Reconciliations between U.S. GAAP and non-GAAP results are presented in tables in our financial statements filed with the SEC, which can be found in the Investor Relations sections of our website. Now, I will turn the call over to Camille. Please continue.

Camille I. Farhat -- President and Chief Executive Officer

Thank you, Jon, and good morning, everyone. We are nearly three years into a strategic transformation for RTI and in that time, we have reduced the complexity of the Company to focus on OEM and Spine. We have driven operational excellence across our manufacturing sites and successfully monetized $25 million in costs from our operations. We have also rebuilt top leadership roles in both the customer-centric and growth-oriented culture. And when you look at the OEM business, the team has returned this business to growth, invested heavily in customer intimacy securing long-term contract for 70% of its revenues, and has established a pipeline of both new customers and focused products.

On the Spine side, we have secured four high-growth, high-margin product platforms with coflex, SImmetry, Fortilink and ViBone. We are building a Novel Therapies channel, which is now showing quarter-over-quarter growth and our worldwide product plan in spine is expected to begin materializing this year as expected. With this substantial progress, we now have sufficient scale in both OEM and Spine to operate as independent businesses.

In considering the third pillar of our strategy, we considered how best to accelerate the growth of both OEM and Spine, both of which have clear strategic roadmaps and significant opportunities for growth.

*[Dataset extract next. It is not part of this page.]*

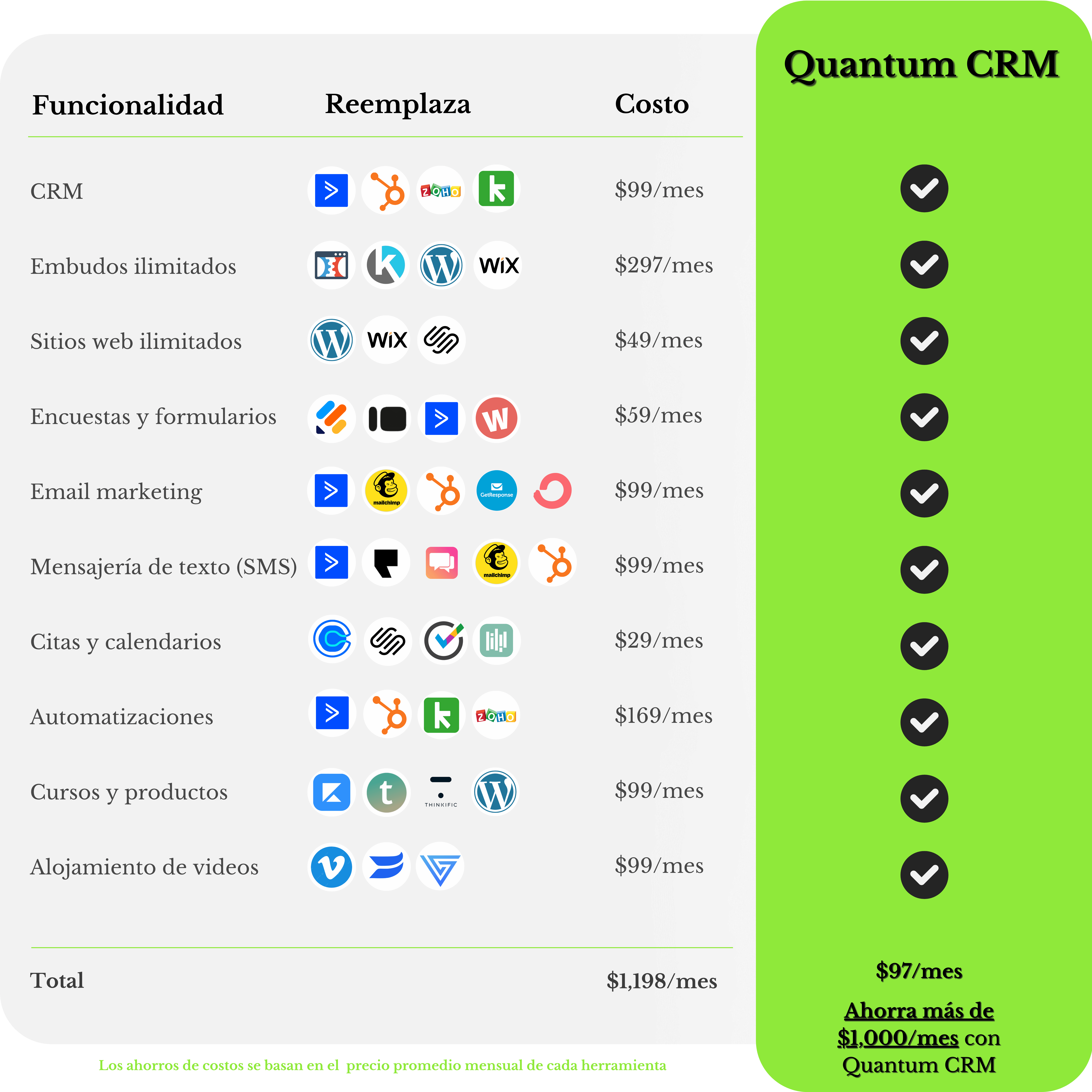 Ahorre hasta $1,000/mes usando Quantum CRM.

To enable them both to reach their full potential, we have entered into a definitive agreement to sell the OEM business for a total consideration of $490 million to Montagu, a global private equity firm. We are excited about this transaction, not only because of the value that is immediately created but also because the OEM business is going to an owner who continues to appreciate the business and the expertise of the people and is enthusiastic about investing in accelerating its growth and development.

The RTI Board of Directors has unanimously approved this transaction. The sale is subject to approval from RTI's shareholders and the satisfaction of customary regulatory approvals and closing conditions. Preparation of the proxy statement should be completed in the next several weeks. And we are targeting the closing of the transaction in the first half of 2020. After the close of the transaction, RTI will be a global pure play spine company with what we believe are strong fundamentals, a redefined balance sheet and leverage profile, and exciting long-term growth prospects.

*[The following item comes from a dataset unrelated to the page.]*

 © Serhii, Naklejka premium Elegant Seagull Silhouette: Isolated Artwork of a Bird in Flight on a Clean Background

We believe Spine finished 2019 with solid financial results. The full-year for 2019 revenue is expected to be between $118 million and $119 million, demonstrating growth of 11% to 12% over 2018. In addition to be in the top 10 spine business based on our revenue, our gross margins are industry-leading at approximately 75%.

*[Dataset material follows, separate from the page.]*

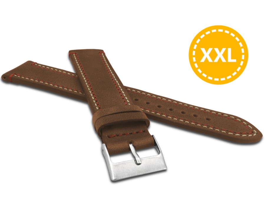Dvojitě prošitý hnědý řemínek LAVVU SPORT z luxusní kůže Top Grain - 20 XXL

After the transaction, the Spine business will have a completely overall balance sheet and leverage profile. We plan to pay off our outstanding long-term debt, and the remaining cash of approximately $175 million to $200 million will go on Spine's balance sheet. As we progress toward closing, we are evaluating the balance between the appropriate capital structure for Spine and supporting the business' growth needs of investing in differentiation and scale, and we anticipate having that assessment done by the time we close.

Our goal for the Spine business is to drive double-digit top line revenue growth over the long term. We believe we are poised to execute and deliver on that goal through continued execution in our Novel Therapies business and new product development, which we expect to result in a minimum of 10 new product introductions during each of the next two years. I would like to note that while these businesses are being structurally separated, they will have an ongoing business relationship. We expect the Spine business will become a leading customer for OEM, sourcing a portion of product development and manufacturing directly from the OEM business in support of the Established Therapies portfolio.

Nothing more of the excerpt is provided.